While the prime SBA program contractor is still required to perform at least 50% of the work on service and supply contracts, the proposed rule changes the way the performance standard is calculated. The current cost-based analysis looks at the percentage of personnel or manufacturing costs spent by the prime on its personnel, less profit or fees. The new formula simplifies and streamlines the calculation by limiting the small business prime contractor to spend no more than 50% of the total contract award on subcontractors.
However, the proposed rule exempts subcontractors that are “similarly situated entities,” which the proposed rule defines as “a small business concern subcontractor that is a participant of the same SBA program that qualified the prime contractor as an eligible offeror and awardee of the contract.” Essentially, the proposed rule considers any work done by a similarly situated entity not to be subcontracting for compliance purposes, thus those businesses are excluded from the performance limitation.
The proposed rule is designed to curb the practice of qualifying small business, HUBZone SBCs, SDVO SBCs, WOSBs/EDWOSBs and 8(a) SBCs passing on work in excess of these limitations to non-qualifying and ineligible entities for specific types of contracts.
The proposed rule also excludes similarly situated subcontractors from affiliation limitations under the ostensible subcontractor rule, which considers subcontractors who perform most of the primary work a joint venture with the prime and thus affiliated for size determination purposes. The proposed rule also proposes language establishing a presumption of affiliation when firms conduct business with each other and are owned and controlled by people who are married, in civil unions, or immediate relatives. And it establishes that where a firm derives 70% or more of its revenue from another firm in the prior fiscal year, the firm will be considered affiliated. Previously the SBA did not provide a percentage.
The proposed rule also excludes similarly situated entities from being affiliated for small business size determination purposes when performing a procurement as a joint venture. This would expand a benefit currently enjoyed by 8(a) protégé firms to small businesses wanting to pursue small business procurements as joint ventures.

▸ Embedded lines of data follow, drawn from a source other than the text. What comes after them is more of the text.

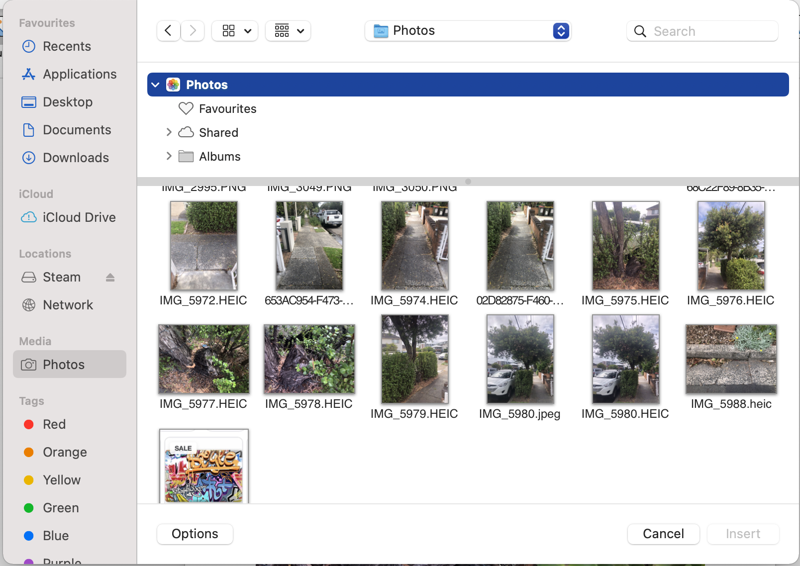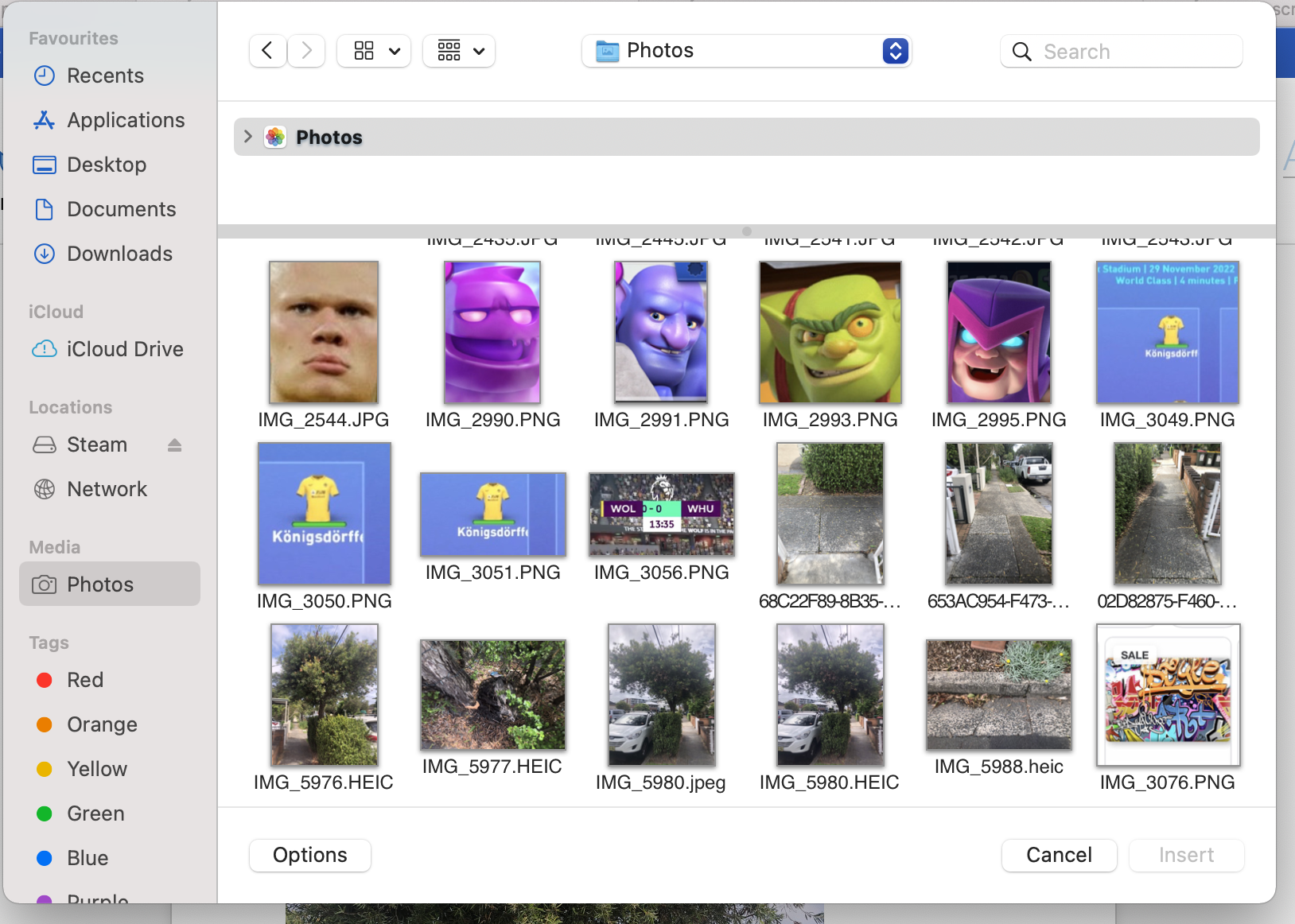 I am new to a Mac but have been trying to do this for 3 days now!! I want to insert a photo from my photo library into a word doc, however when I click insert photo from file and select photo's I am only given a small choice of the photos available to me. Why can't I see all the photos that are in my library?
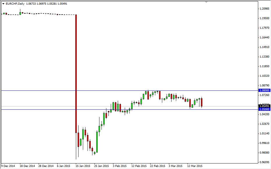 The EUR/CHF pair is in exactly exciting to trade these days, as last couple of weeks have been fairly quiet. However, one of the things that I like the most about this pair is that it tends to be fairly reliable. We have clearly carved out a consolidation area between the 1.05 level on the bottom, and the 1.08 level on the top. Ultimately, I do think we break out of this range but in the meantime it does look like the market is going to respect the two levels. With that being said, I believe that we may see a potential buying opportunity.
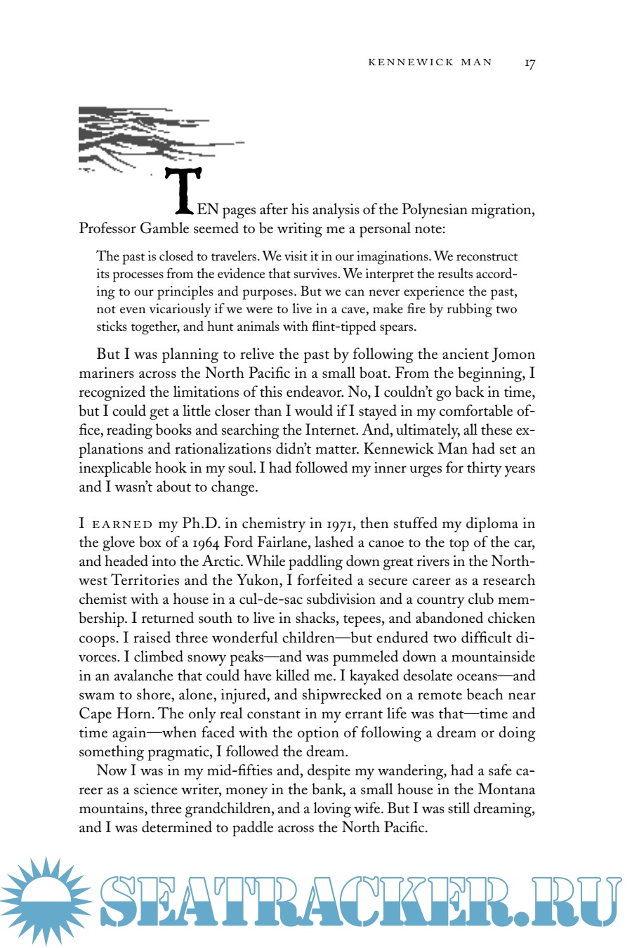Year: 2005 Language: english Author: Turk J. Genre: History Publisher: International Marine/McGraw-Hill ISBN: 0071467092 Format: PDF Quality: Scanned pages Pages count: 305 Description: The thrilling account of an extraordinary journey in the tradition of Kon-Tiki. In 1996 a 9,500-year-old skeleton was found beside the Columbia River, galvanizing anthropologists with the possibility that prehistoric humans reached North America from Asia by crossing the ocean in small open boats. In this compelling narrative, world-class kayaker and science writer Jon Turk relates his successful attempt to re-create this perilous migration. This story wraps an intriguing anthropological argument inside a gripping narrative about the sea, an ancient people, and the wilderness of northeast Siberia.. Recounting his two-year, 3,000-mile kayak voyage from Japan's bamboo forests to the tundra of Siberia and Alaska, Turk introduces strong archeological and anthropological evidence that his expedition was not the first. He explains how the ancient Jomon people could have completed this journey 10,000 to 15,000 years ago and provides insight into the question of why they did it. Both fascinating adventure and riveting prehistory, In the Wake of the Jomon is destined to become a classic..

Ultimately, the proposed rule changes are designed to increase participation by similarly situated small business entities in SBA programs by removing limits on their participation on select SBA contracts. They are also intended to clarify and streamline relevant performance measures and calculations to better meet that goal. Absent any additional delay, a final rule should be published sometime this summer. Even if these changes achieve SBA’s goal, it remains to be seen what impact, if any, they have on small businesses passing off too much work to non-qualifying subcontractors and how the new rule will be enforced.